Realization of Focus

Sometimes everything just falls into place, you know?

On an early Saturday morning, with the sun shining and a record on the turntable, I’m a new man. All the stress of the week is gone and I can finally get to things that matter to me. Now, sometimes this might manifest as a morning session in front of the TV playing a game, but eventually the day turns to cleaning, organizing, preparing and cooking, which is a fine trade off to me.

I’m not great at keeping focus, but I’ve learned (and am learning) ways to work with what I can. Usually that means I just accept that in the middle of this paragraph I’ll probably take a five minute break to scroll through Twitter for the fourth time this morning, but as long as I eventually come back to the post and finish it, that’s fine.

I grew up under the expectation that once an activity or job is started, it must be finished, and if it isn’t finished in a timely manner, it was failure. But as I’ve grown to know myself I’ve learned that I can’t work that way. I’ve had a video project sitting on my desktop for about a week and a half now, but I know that that’s how it has to be done, because I need to be excited about it for the emotion to come across right. If I just sat down and worked, cranking out o project after project, post after post, I’d never produce things I cared about.

It’s important to me that I care about the things I make, so I often don’t make things for weeks on end. I might go months between photo shoots or weeks between trips, because if I’m not excited to do something, the product just sucks. I’m not happy with the result, and as such, I don’t put it up anywhere or tell anyone about it.

This blog is the closest thing I have to a regular scheduled creation time, but even in that, I schedule out my posts about a week in advance.
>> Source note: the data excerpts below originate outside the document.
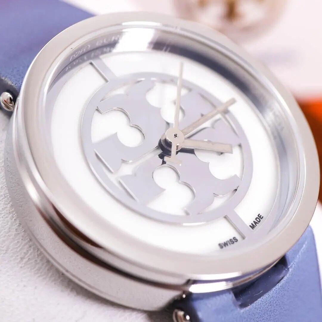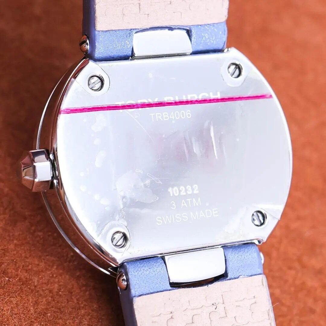 稼働 TORY BURCH 腕時計 ラウンド カーフレザー ロゴ文字盤 1908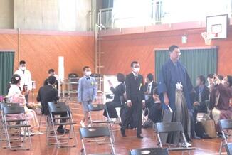 新任式で新しい先生の紹介の後、始業式では校長先生から「命」を守る行動についての話があり新しい先生の発表もありました。式後は新しい教室で新しい教科書をもらったり、友達と談笑したり、気持ちよく令和2年度がスタートしました。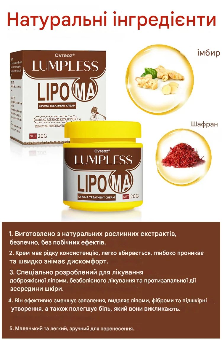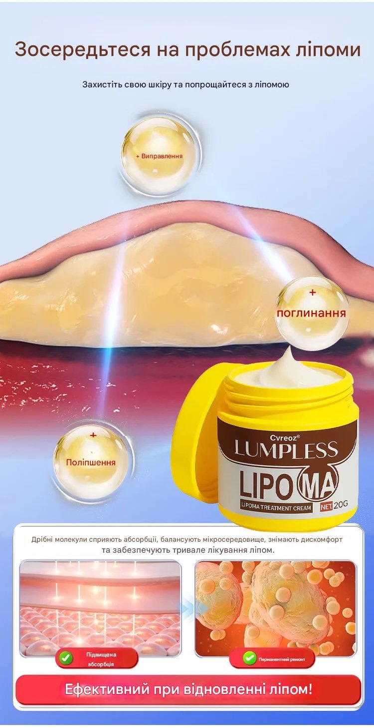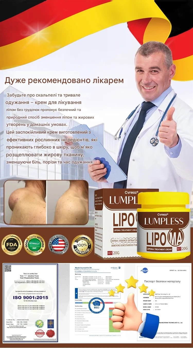 У мене на спині було чимало утворень, які лікар діагностував як ліпоми. Вони були досить нешкідливими, і мені порадили видалити їх хірургічним шляхом, але я не міг собі цього дозволити». Коли я шукала в інтернеті домашній засіб, я натрапив на цей крем Вночі я наніс крем і, прокинувшись, виявив, що ущільнення зменшилися. На той час деякі з них сплющилися. Набряк великої ущільнення біля плеча також значно зменшився. Цей засіб справді подіяв. Я надзвичайно задоволений результатами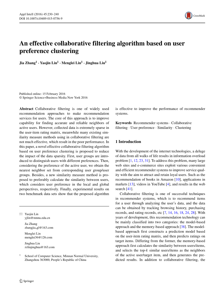 摘要:协同过滤是为用户提供推荐服务的广泛使用的推荐方法之一。这种方法的核心是提高寻找活跃用户的准确和可靠邻居的能力。然而,收集的数据在用户项目评分矩阵中非常稀疏,同时许多现有的用于协同过滤的相似性度量方法效果不佳,导致性能较差。本文提出了一种基于用户偏好聚类的有效协同过滤算法,以减少数据稀疏性的影响。首先,引入用户组来区分具有不同偏好的用户。然后,考虑到活动用户的偏好,我们从相应的用户组/用户组获得最近邻居集合。此外,还提出了一种新的相似性度量方法,以较好地计算用户间的相似度,分别考虑用户在局部和全局视角下的偏好。最后,两个基准数据集上的实验结果表明,该算法对提高推荐系统的性能是有效的。

That way, if I go a whole week or two without any inspiration to write, I still have content out here being posted. It reminds me when a post goes up, and I think “huh. Should probably think about writing again” and I can refocus to pound out some posts in an afternoon for a bit.

That’s what focus really means to me. Not sitting down and working non stop for hours on end, or getting into some “deep work” methodology. That stuff doesn’t work for me. I have to have freedom to move, to walk, to step away and come back. I can’t sit down and just work forever, that stifles creativity and only produces mediocre garbage in my experience. I can’t say this works for everyone, and probably wouldn’t recommend it to many, but it works for me.